Of course, we don't always feel like shopping on the way home from a long day at work. Which means we go on the weekends. Which means we have to get a taxi. Not to fear, Abdul the taxi man is here!
Jan used Abdul when she first arrived in Abuja last spring and kept his cell number on speed dial. He was very trustworthy, so we could leave our purchases--even our computers--in the car with no fear. During one huge shopping trip to the big market, Abdul walked around with us, carrying items back to the car, helping negotiate prices, and being a general bodyguard. He even offered to drive me to the airport when I flew home for Christmas. He's the only taxi we ever take, for safety purposes.
Our tall, friendly Hausa taxi driver lived with his mom and his sister. He seemed middle-aged and wore hats to cover his balding. His English was limited, so I learned some standard Hausa greetings. He called us during the Muslim Sallah just to wish us a happy public holiday. We gave him a Christmas bonus, and a little extra here and there to show our appreciation.
We also gave him all our glass and plastic bottles. Because there is no such thing as recycling in Nigeria, we have to improvise. Abdul's sister sells palm oil and she stores it in glass and plastic bottles, which she would have to buy if she didn't have a supply. We were all too happy to donate our empty yogurt and cashew bottles to her cause!
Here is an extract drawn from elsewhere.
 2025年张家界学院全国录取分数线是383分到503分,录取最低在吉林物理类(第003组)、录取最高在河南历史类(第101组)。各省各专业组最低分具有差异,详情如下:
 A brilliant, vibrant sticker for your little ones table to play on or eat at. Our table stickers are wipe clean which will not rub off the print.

Abdul's only downfall (and, regrettably, it's a big one) is that he had absolutely no sense of time. I'm serious--not a clue. His standard reply was always "Ah, I come madam. 20 minutes I come." Unfortunately, 20 minutes could mean 20 minutes, or on one occasion, it meant 2 and a half hours!!!! We were frustrated with Abdul frequently, missing appointments, etc. because of his tardiness. We brought up the issue many times, but I guess that's one cultural norm that gets lost in translation, because nothing ever changed.
We got into the habit of calling him an hour before needing to leave and telling him to pick us 30 minutes before we actually needing to be picked. Invariably, he would still arrive late and we'd shake our heads with a smile: "Well, only a little late, according to Abdul standards."
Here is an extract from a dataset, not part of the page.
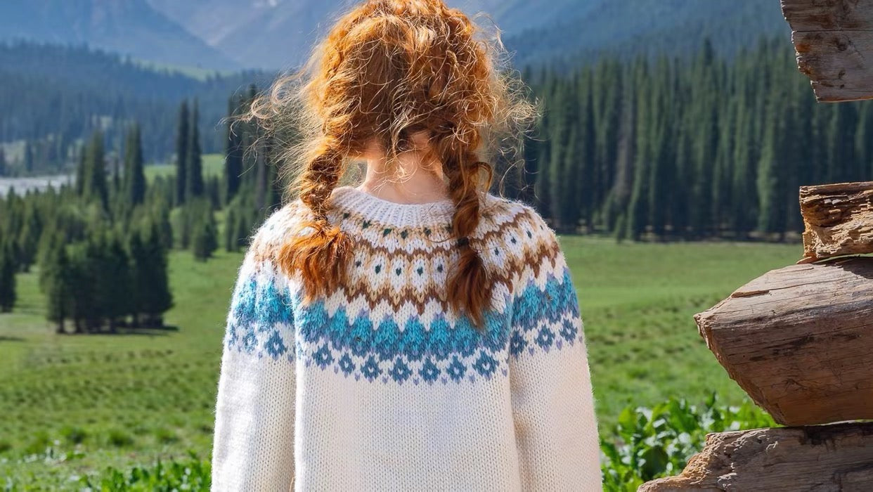 「Wool Signature」Green Nordic Fair Isle Wool Sweater – Chunky Knit (100% Wool)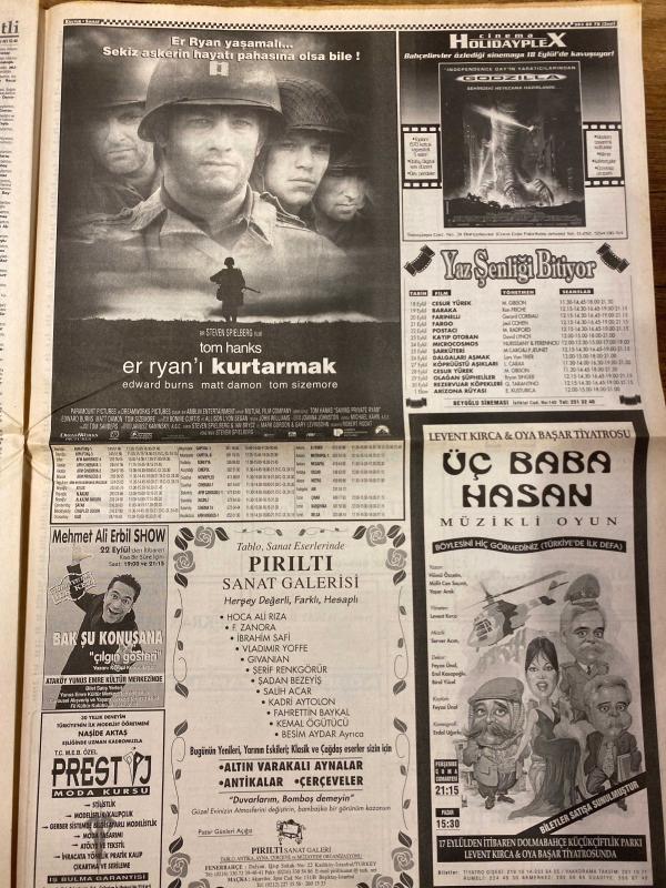 HÜRRİYET GAZETESİ DOĞUM GÜNÜ HEDİYESİ - 12 EYLÜL 1998 -TAM TAKIM 42 SAYFADIR -Monica Lewinsky-Bill Clinton-Hillary Clinton-Kenneth Starr-Oktay Ekşi-Ertuğrul Özkök Porno roman gibi rapor-Amerikalı’nın yüzü kızardı-Raporu Kongre yayınlattı-Bu suçlamalar başkanı götürür-Düşük profilli hükümet mi-Aranan Arap gazeteci Mısır Konsolosluğu’nda-Hainin peşindeyiz-Rusya asla komünist olmayacak-Asker mektubu-Neşe Aksoy-Kaya Çilingiroğlu-Hülya Avşar-Rus asıllı Matilda-Zeynep Tatlıses-Seray Sever-Defne Samyeli-Orhan Kaynar-Toshack-Ümit Davala-Fatih Terim-Bayram Aydın-Madonna-Whitney Houston-Mariah Carey-Beastie Boys-Will Smith-Wyclef Jean-Green Day-Fiona Apple-Müjdat Gezen-Metin Akpınar-Zeki Alasya-Meltem Cumbul-Beyazıt Öztürk-Meral Okay-Mert Yılmaz Yeni Lolita-Neşe Aksoy’dan ilginç protesto-Tatlıses’ten spora destek-Gizli nişan-Matilda değil Zeynep-Trabzon eriyor-Ligde cumartesi ateşi-Kartal’da para isyanı-Ümit Formamı istiyorum-Löw Rüştü’yü Parma’ya sakladı-Müzik dünyasının politik gecesi-Madonn, AYDIN DOĞAN tarafından kaleme alınmıştır. HÜRRİYET GAZETESİ DOĞUM GÜNÜ HEDİYESİ - 12 EYLÜL 1998 -TAM TAKIM 42 SAYFADIR -Monica Lewinsky-Bill Clinton-Hillary Clinton-Kenneth Starr-Oktay Ekşi-Ertuğrul Özkök Porno roman gibi rapor-Amerikalı’nın yüzü kızardı-Raporu Kongre yayınlattı-Bu suçlamalar başkanı götürür-Düşük profilli hükümet mi-Aranan Arap gazeteci Mısır Konsolosluğu’nda-Hainin peşindeyiz-Rusya asla komünist olmayacak-Asker mektubu-Neşe Aksoy-Kaya Çilingiroğlu-Hülya Avşar-Rus asıllı Matilda-Zeynep Tatlıses-Seray Sever-Defne Samyeli-Orhan Kaynar-Toshack-Ümit Davala-Fatih Terim-Bayram Aydın-Madonna-Whitney Houston-Mariah Carey-Beastie Boys-Will Smith-Wyclef Jean-Green Day-Fiona Apple-Müjdat Gezen-Metin Akpınar-Zeki Alasya-Meltem Cumbul-Beyazıt Öztürk-Meral Okay-Mert Yılmaz Yeni Lolita-Neşe Aksoy’dan ilginç protesto-Tatlıses’ten spora destek-Gizli nişan-Matilda değil Zeynep-Trabzon eriyor-Ligde cumartesi ateşi-Kartal’da para isyanı-Ümit Formamı istiyorum-Löw Rüştü’yü Parma’ya sakladı-Müzik dünyasının politik gecesi-Madonn adlı eser Türkçe dilindedir.

While most people would have found a new taxi driver, we were hesitant to abandon him, because of, again, the security factor. A taxi driver you can trust is worth a few inconveniences.
About a week ago, Abdul stopped answering his phone (we say "picking his calls" here). I called once and someone else answered, someone who didn't speak any English at all. I should have known something was up when Jan asked him to take her to the doctor and he never showed. At all. No phone call explaining where he was or giving an estimated time of arrival. No word at all. Fine, we decided. He probably traveled and didn't have the heart to tell us he's not in Abuja.
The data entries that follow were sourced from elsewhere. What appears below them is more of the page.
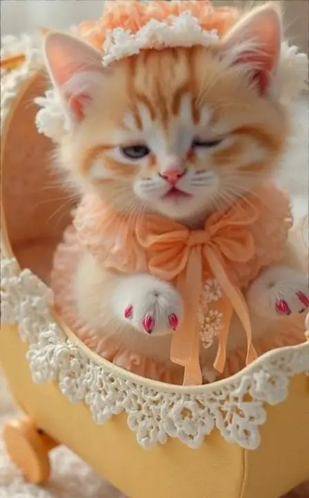 À la rencontre du plus mignon des chatons orange, il se niche dans un charmant panier en crochet jaune accompagné d'une délicate dentelle blanche. Vêtue d'une jolie tenue de couleur pêche et d'une jolie garniture de dentelle, cette petite boule de poils est un spectacle irrésistible! Grâce à une certaine magie intelligente de l'IA, la cagnotte semble s'exprimer d'une manière qu'on n'aurait jamais imaginée. Sa petite bouche est parfaitement synchronisée avec ses airs mélodieux et ses phrases ludiques, difficile de ne pas rire! La combinaison fantasque d'une mignonne velue et d'un son charmant crée une expérience vraiment glamour. Regarder cette petite star voler le spectacle, remplir nos cœurs de joie et de rire, prouve une fois de plus que les animaux de compagnie peuvent apporter un peu de magie à notre vie quotidienne!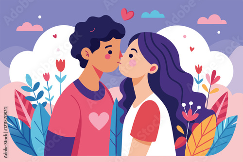 couple, kiss, love, affection, illustration, flower, heart, romantic, colourful, nature, relationship, young, happy, joy, art, design, scenic, lovebirds, hobby, emotion, playful, modern, vibrant, creativity, graphic, character, tenderness, togetherness, intimacy, celebration, happiness, youth, peaceful, casual attire, sweet, connection, summer, flirt, style, inspiration, harmony, beautiful, cheerful, cute, warmth, expressive, sweetness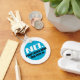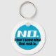 Esta chaveiro apresenta um logotipo azul com o texto "Não. Não sei o que é aquela rocha." Para aqueles que recebem pedidos demais para dar nomes a rochas misteriosas.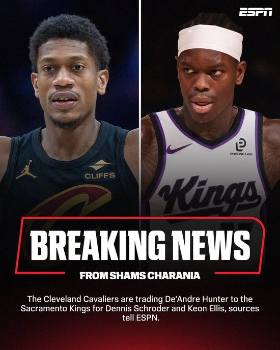 直播吧02月01日讯 据ESPN名记Shams Charania报道,克利夫兰骑士队将把德安德烈·亨特交易至萨克拉门托国王队,以换取丹尼斯·施罗德和基翁·埃利斯。

This weekend, we learned through the taxi driver network that Abdul was killed last week in a car crash on the way to Kaduna. While I wasn't personally close to him, his death does bother me because I'll miss his consistent presence in my life; we saw him most Saturdays. Just a few weeks ago, I was teasing him for rocking out with the radio (dancing and singing included).
So, today's post is dedicated to the memory of Abdul, who honked his horn incessantly, who could never manage to arrive on time, but who never took advantage of the 2 white women and always got us where we needed to go safely. May his soul find rest.
9 years ago
Oh, so sad. I'm very sorry you lost your friend and driver. What a reminder to never take any relationships for granted. Thank you.
ReplyDeleteIt's funny how there are people who are in our lives for the most fleeting of moments and leave memories to last forever. May he rest in peace.